# WORK INSTRUCTION
The answer must consist solely of the lines below starting at the one containing "- Assemble: Fill" and ending at the one containing "This Kicks includes", repeated exactly, with both ends included and all pictures omitted.
### AVAILABLE DATA ###
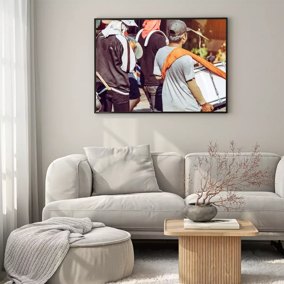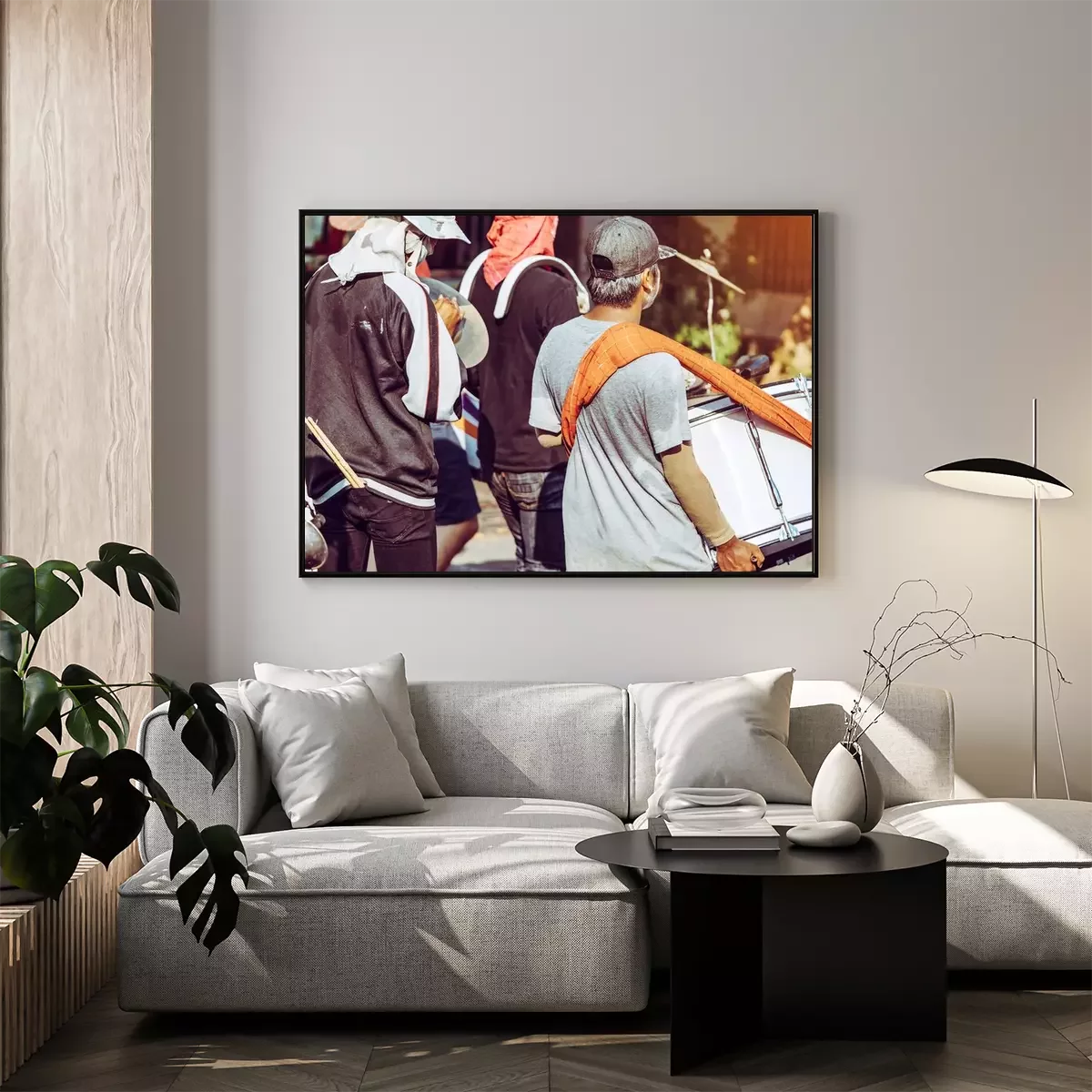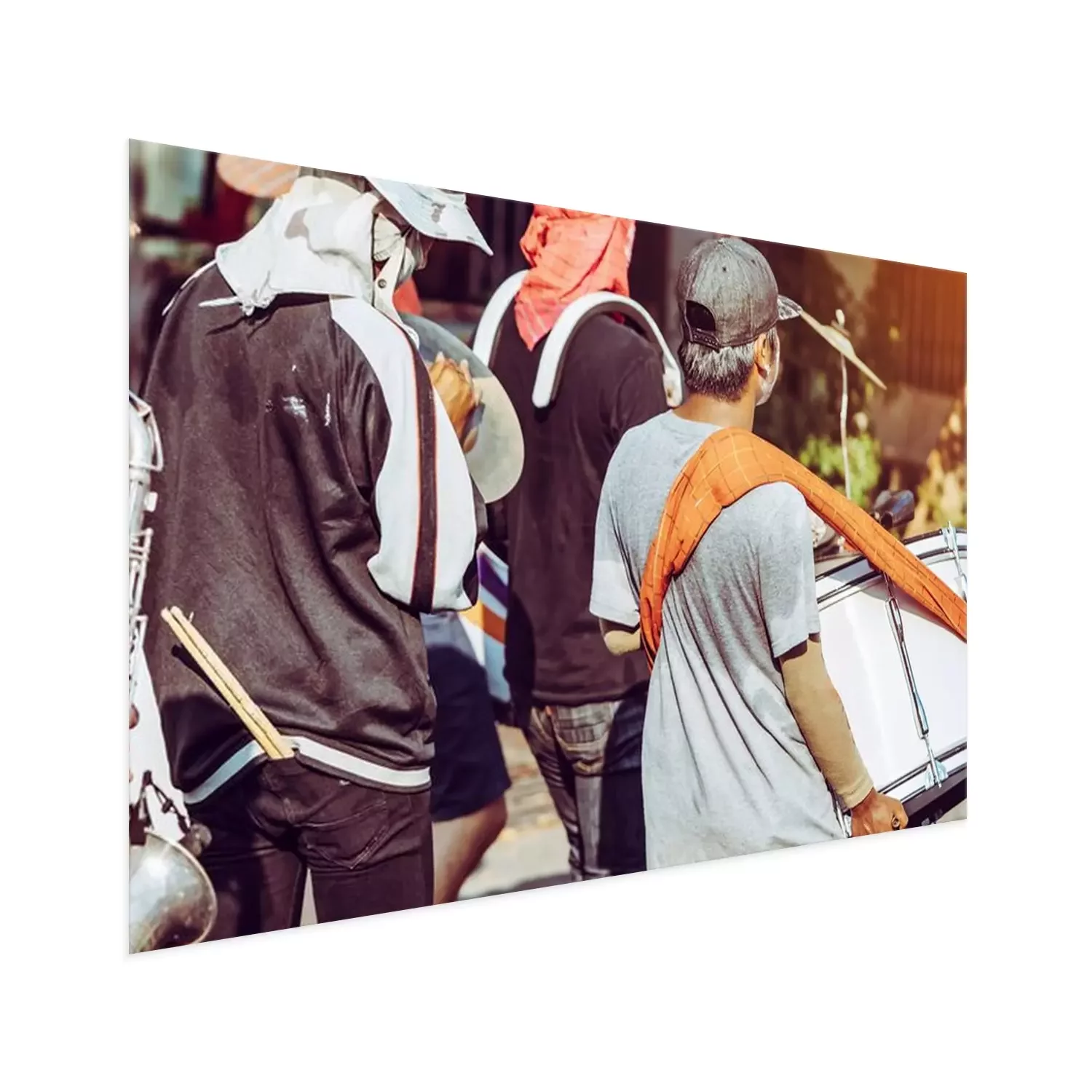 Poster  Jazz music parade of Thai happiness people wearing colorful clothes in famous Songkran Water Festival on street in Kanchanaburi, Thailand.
###
### AVAILABLE DATA ###
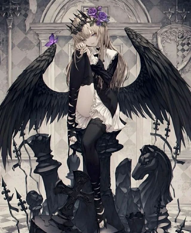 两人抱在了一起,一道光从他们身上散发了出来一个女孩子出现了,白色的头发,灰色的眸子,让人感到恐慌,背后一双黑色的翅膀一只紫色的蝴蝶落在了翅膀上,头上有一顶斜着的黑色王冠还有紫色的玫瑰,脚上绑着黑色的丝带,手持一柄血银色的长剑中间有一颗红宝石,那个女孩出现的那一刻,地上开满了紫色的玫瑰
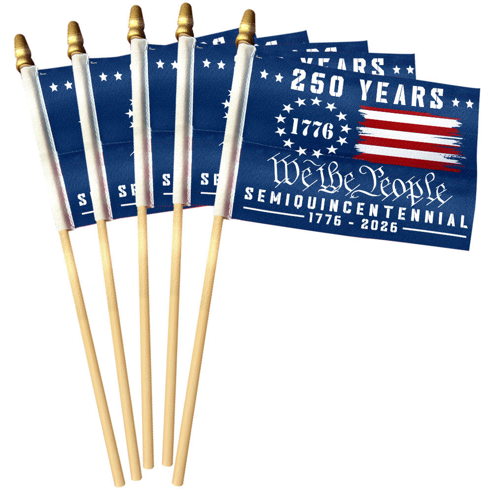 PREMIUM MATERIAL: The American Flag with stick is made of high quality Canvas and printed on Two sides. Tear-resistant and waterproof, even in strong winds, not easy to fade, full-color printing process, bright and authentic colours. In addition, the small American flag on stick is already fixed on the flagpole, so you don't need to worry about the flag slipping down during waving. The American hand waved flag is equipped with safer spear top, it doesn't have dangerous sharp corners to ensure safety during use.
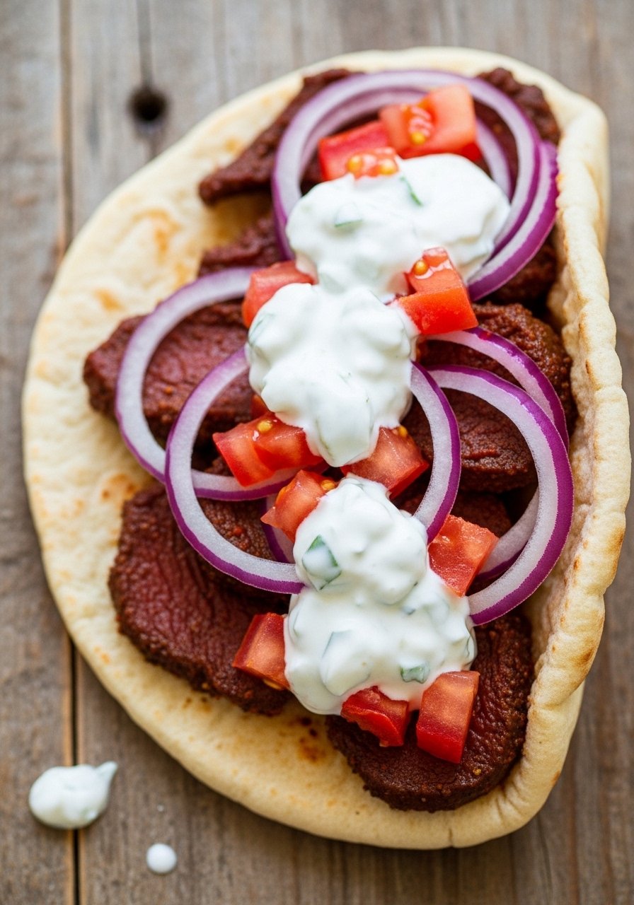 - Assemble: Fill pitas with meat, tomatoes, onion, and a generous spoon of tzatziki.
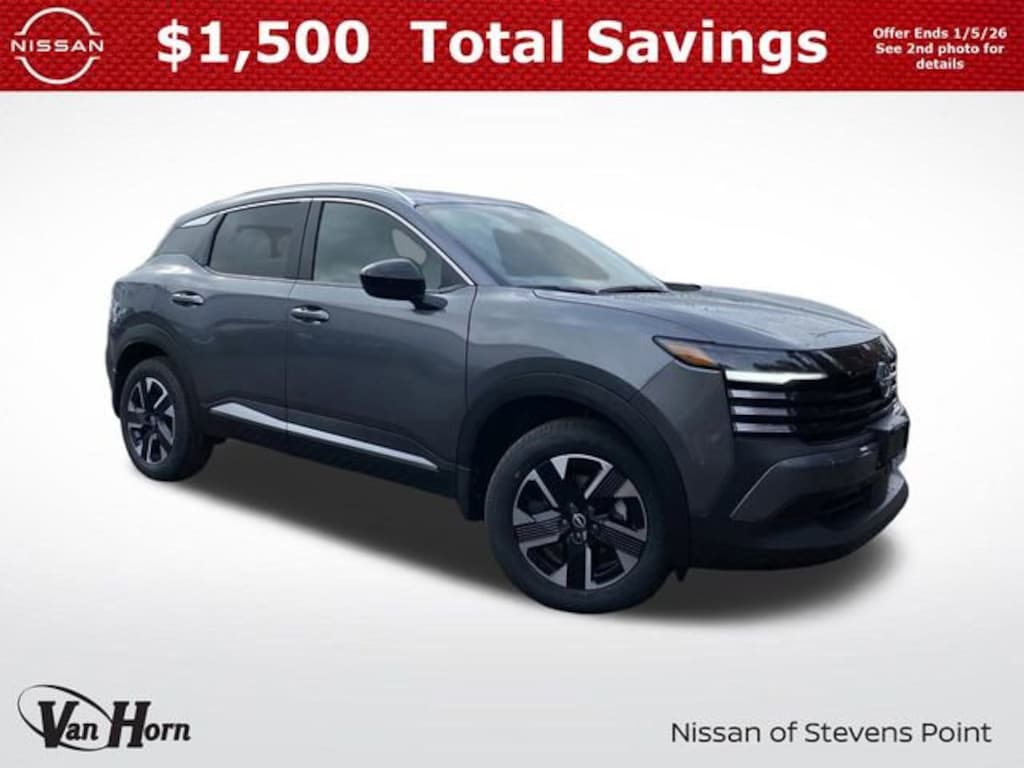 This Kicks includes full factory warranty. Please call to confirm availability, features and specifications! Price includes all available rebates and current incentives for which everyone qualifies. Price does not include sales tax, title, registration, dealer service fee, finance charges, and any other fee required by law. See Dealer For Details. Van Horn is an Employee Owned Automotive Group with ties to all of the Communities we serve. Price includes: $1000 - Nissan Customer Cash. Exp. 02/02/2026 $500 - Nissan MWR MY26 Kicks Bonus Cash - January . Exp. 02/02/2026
###
# ANSWER TO THIS TASK
 - Assemble: Fill pitas with meat, tomatoes, onion, and a generous spoon of tzatziki.
 This Kicks includes full factory warranty. Please call to confirm availability, features and specifications! Price includes all available rebates and current incentives for which everyone qualifies. Price does not include sales tax, title, registration, dealer service fee, finance charges, and any other fee required by law. See Dealer For Details. Van Horn is an Employee Owned Automotive Group with ties to all of the Communities we serve. Price includes: $1000 - Nissan Customer Cash. Exp. 02/02/2026 $500 - Nissan MWR MY26 Kicks Bonus Cash - January . Exp. 02/02/2026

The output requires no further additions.